Alcolumbre também não reagiu às cobranças da oposição por uma reação do Congresso que incluiria defesa da anistia para os participantes dos atos golpistas do 8 de Janeiro, e ainda deu a palavra a Wagner, que defendeu a decisão de Moraes. “Eu só queria lembrar que houve um conflito entre os dois poderes, e o terceiro poder foi chamado para fazer uma arbitragem. Não se trata de anular a competência do Congresso, se trata de dirimir um conflito de interpretações sobre o decreto do IOF”, defendeu o líder.
Nesse clima, sem conversar com Alcolumbre, Motta se levantou e retornou para a Câmara. No caminho, ele foi questionado sobre o motivo de sua ida ao Senado. E respondeu: “A decisão é não comentar”.
O comportamento de Alcolumbre deixou claro que ele não respaldaria uma retaliação ao governo. Após a crise deflagrada pela derrubada do decreto de Haddad, o presidente do Congresso deu alguns passos na direção do Planalto. Motta permanecia mais reticente devido aos ataques massivos dos quais foi alvo após a derrubada do decreto do governo.
Outros fatos mostraram que o dia foi difícil para Motta e bom para o governo.
Número de deputados
Motta experimentou outro revés na noite desta quarta-feira ao ver a proposta de aumento do número de deputados ser vetada integralmente por Lula. A proposta era prioridade para o presidente da Câmara e ampliava as cadeiras de deputados federais de 513 para 531 a partir da próxima legislatura, o que facilitaria a reeleição dos atuais detentores de mandato na Câmara. Ao se negar a sancionar esse texto, o presidente da República deixou para o Congresso um assunto desgastante junto à opinião pública, por causa do aumento de custos para os cofres públicos.
Imposto de Renda
Mais cedo, o Planalto havia comemorado a aprovação da proposta de reforma do Imposto de Renda na comissão especial, sob a relatoria do ex-presidente Arthur Lira (PL-AL). O texto isenta do pagamento do tributo quem ganha até R$ 5 mil mensais. A ideia agora é que a Câmara vote a matéria na primeira quinzena de agosto para depois a matéria ser enviada ao Senado. Embora não possa ser vista como uma derrota de Motta, essa decisão demonstra que os entreveros de Motta com a equipe econômica e com o Supremo não contaminaram essa pauta, prioritária para o governo.
Investigação no TCU
Além das derrotas políticas, o presidente da Câmara terminou o dia com mais um problema.
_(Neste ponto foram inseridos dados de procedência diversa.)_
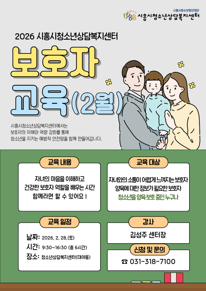 [시흥=송윤근 기자] 경기 시흥시청소년청년재단 산하기관인 시흥시청소년상담복지센터가 보호자의 이해와 역할 강화를 통해 청소년을 지키는 예방적 안전망을 구축하고자 2026년부터 보호자 교육을 정기적으로 운영하고 있다.
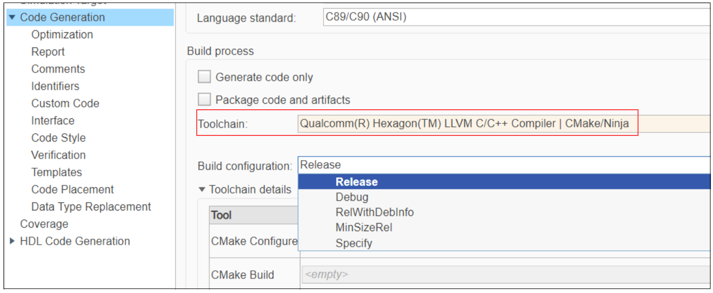 You can select one of the two options available under Configuration Parameters > Code Generation > Toolchain:
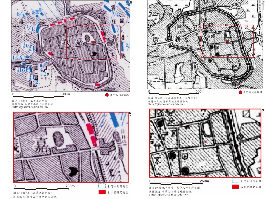 圖1:嘉義•番仔溝遺址(番仔交庄遺址)套繪明治28年(1895)的《嘉義之戰鬥圖》之「番仔交庄」位置圖

O Ministério Público junto ao Tribunal de Contas da União (MP-TCU) pediu a abertura de uma investigação sobre as supostas funcionárias fantasmas empregadas em seu gabinete. Apesar de estarem empregadas por Motta, elas não davam expediente na Câmara, ainda que remuneradas. Tratam-se de uma fisioterapeuta, uma estudante e uma assistente social, que foram exoneradas após as denúncias. Cinco parentes delas também já teriam exercido funções no gabinete. Agora, o MP quer a devolução de R$ 112 mil recebidos este ano.